Your task is to transcribe the records exactly, skipping every image.

# Source material
* * * * * * * * *

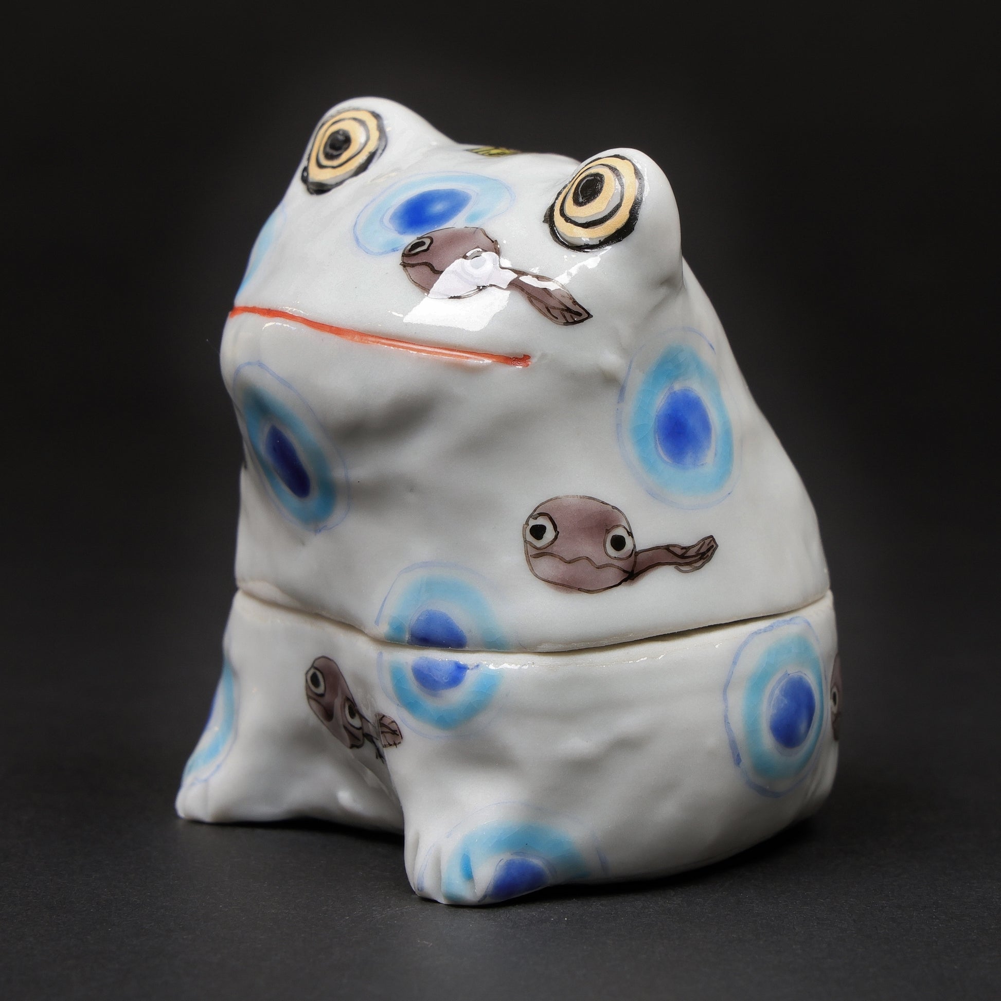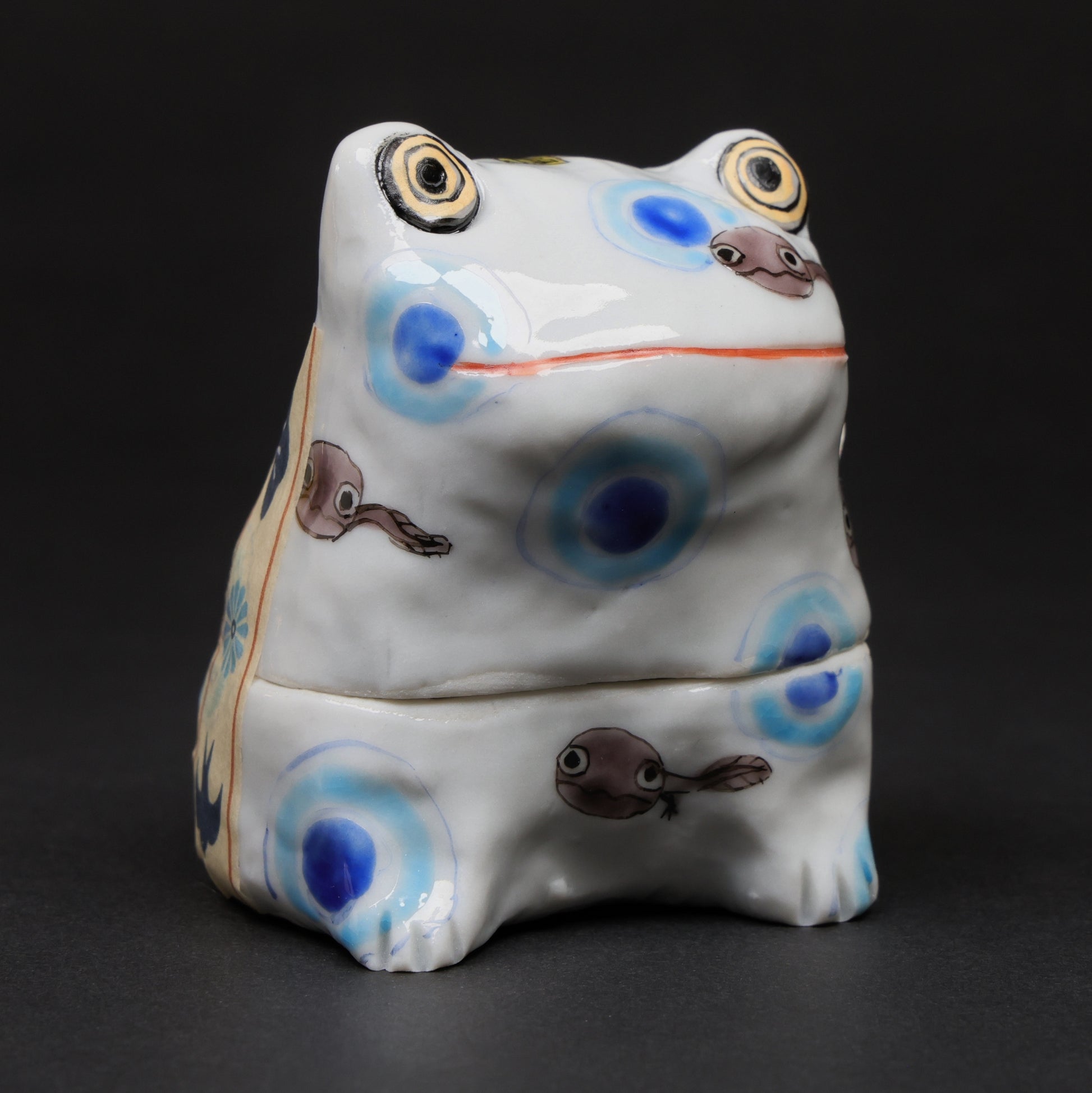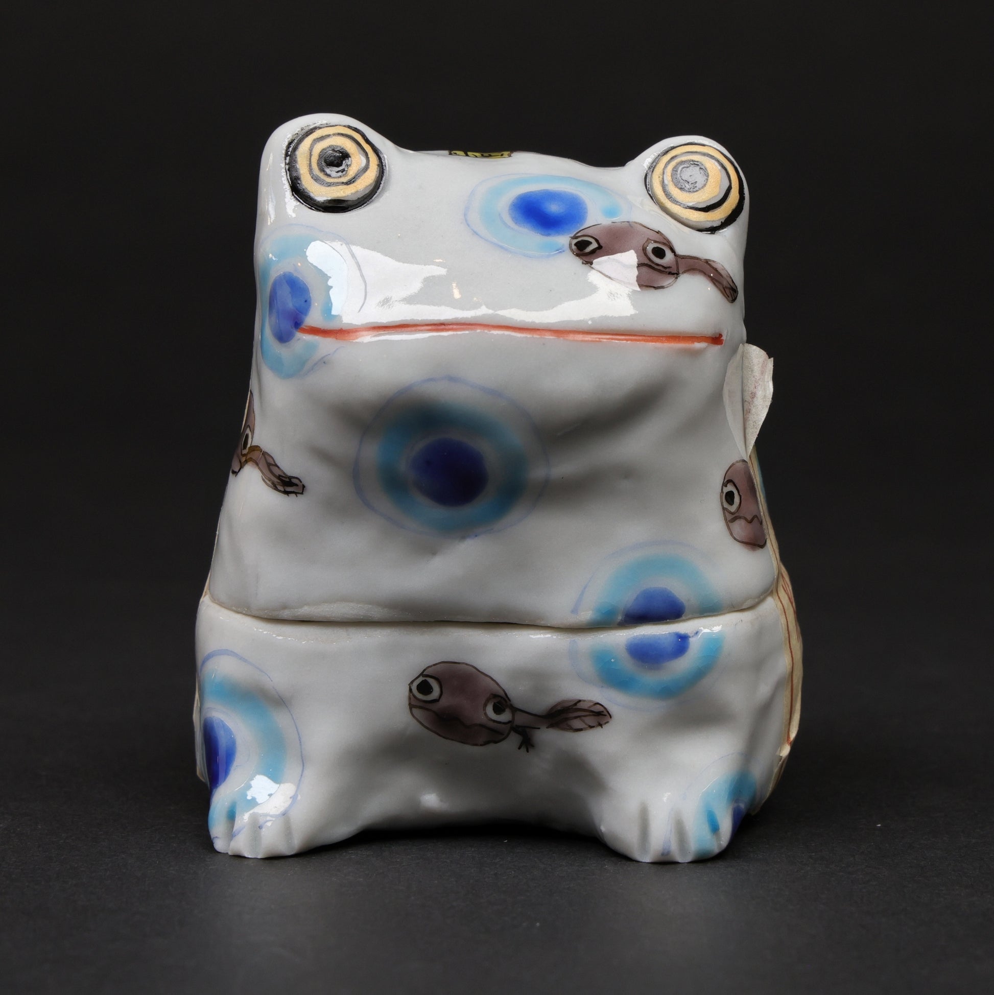 Lovingly created by skilled Japanese artisans, this frog-shaped lidded container features a delightful parent-and-child frog motif with hand-painted tadpole details. The whimsical expressions and smooth texture make it both a functional and artistic piece.
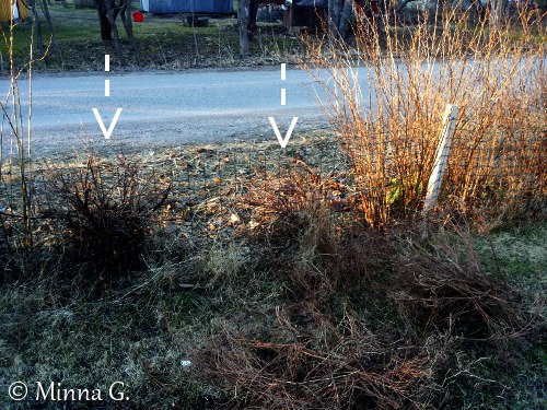 Piha-aidan reunalle on vielä jäänyt kasvamaan pensashanhikkiakin… pätkin kaikki oksat, jotta pusikot olisi helpompi kaivaa ylös ja siirtää toiseen paikkaan. Tilalle tulee samaa pensasaitakasvia, mitä siinä entuudestaankin on ollut, eli Virpiangervoa.
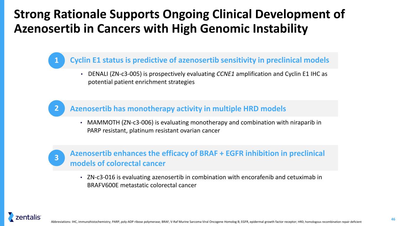 46 3 2 1 Abbreviations: IHC, immunohistochemistry; PARP, poly-ADP ribose polymerase; BRAF, V-Raf Murine Sarcoma Viral Oncogene Homolog B; EGFR, epidermal growth factor receptor; HRD, homologous recombination repair deficient Strong Rationale Supports Ongoing Clinical Development of Azenosertib in Cancers with High Genomic Instability Cyclin E1 status is predictive of azenosertib sensitivity in preclinical models • DENALI (ZN-c3-005) is prospectively evaluating CCNE1 amplification and Cyclin E1 IHC as potential patient enrichment strategies Azenosertib has monotherapy activity in multiple HRD models • MAMMOTH (ZN-c3-006) is evaluating monotherapy and combination with niraparib in PARP resistant, platinum resistant ovarian cancer Azenosertib enhances the efficacy of BRAF + EGFR inhibition in preclinical models of colorectal cancer • ZN-c3-016 is evaluating azenosertib in combination with encorafenib and cetuximab in BRAFV600E metastatic colorectal cancer
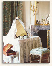 ![]() zoom | The tapestry of the bed is made of green silk, to suit the taste of the Marchioness. |
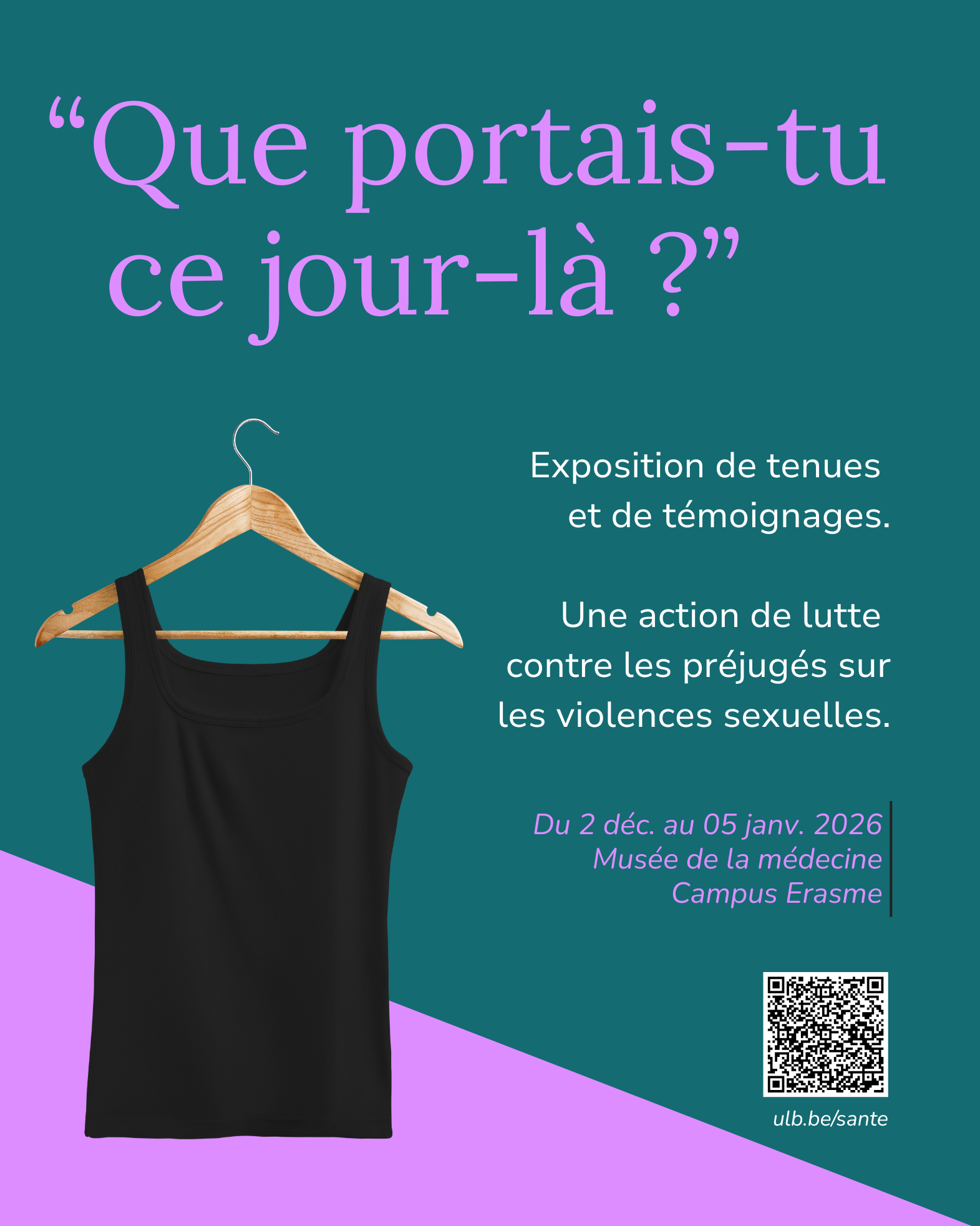 - Exposition "Que portais-tu ce jour-là?" - Action de lutte contre les violences faites aux femmes et minorités de genre20 octobre 2025ULB Santé, ULB Culture, le Musée de la médecine et les cercles étudiants de kinésithérapie et ostéopathie (CKO) ainsi que le cercle de médecine (CM) vous invitent du 2 décembre 2025 au 5 janvier 2026 à la découverte de l'exposition "Que portais-tu ce jour-là?"

* * * * * * * * *

# Your solution
 Lovingly created by skilled Japanese artisans, this frog-shaped lidded container features a delightful parent-and-child frog motif with hand-painted tadpole details. The whimsical expressions and smooth texture make it both a functional and artistic piece.
 Piha-aidan reunalle on vielä jäänyt kasvamaan pensashanhikkiakin… pätkin kaikki oksat, jotta pusikot olisi helpompi kaivaa ylös ja siirtää toiseen paikkaan. Tilalle tulee samaa pensasaitakasvia, mitä siinä entuudestaankin on ollut, eli Virpiangervoa.
 46 3 2 1 Abbreviations: IHC, immunohistochemistry; PARP, poly-ADP ribose polymerase; BRAF, V-Raf Murine Sarcoma Viral Oncogene Homolog B; EGFR, epidermal growth factor receptor; HRD, homologous recombination repair deficient Strong Rationale Supports Ongoing Clinical Development of Azenosertib in Cancers with High Genomic Instability Cyclin E1 status is predictive of azenosertib sensitivity in preclinical models • DENALI (ZN-c3-005) is prospectively evaluating CCNE1 amplification and Cyclin E1 IHC as potential patient enrichment strategies Azenosertib has monotherapy activity in multiple HRD models • MAMMOTH (ZN-c3-006) is evaluating monotherapy and combination with niraparib in PARP resistant, platinum resistant ovarian cancer Azenosertib enhances the efficacy of BRAF + EGFR inhibition in preclinical models of colorectal cancer • ZN-c3-016 is evaluating azenosertib in combination with encorafenib and cetuximab in BRAFV600E metastatic colorectal cancer
 ![]() zoom | The tapestry of the bed is made of green silk, to suit the taste of the Marchioness. |
 - Exposition "Que portais-tu ce jour-là?" - Action de lutte contre les violences faites aux femmes et minorités de genre20 octobre 2025ULB Santé, ULB Culture, le Musée de la médecine et les cercles étudiants de kinésithérapie et ostéopathie (CKO) ainsi que le cercle de médecine (CM) vous invitent du 2 décembre 2025 au 5 janvier 2026 à la découverte de l'exposition "Que portais-tu ce jour-là?"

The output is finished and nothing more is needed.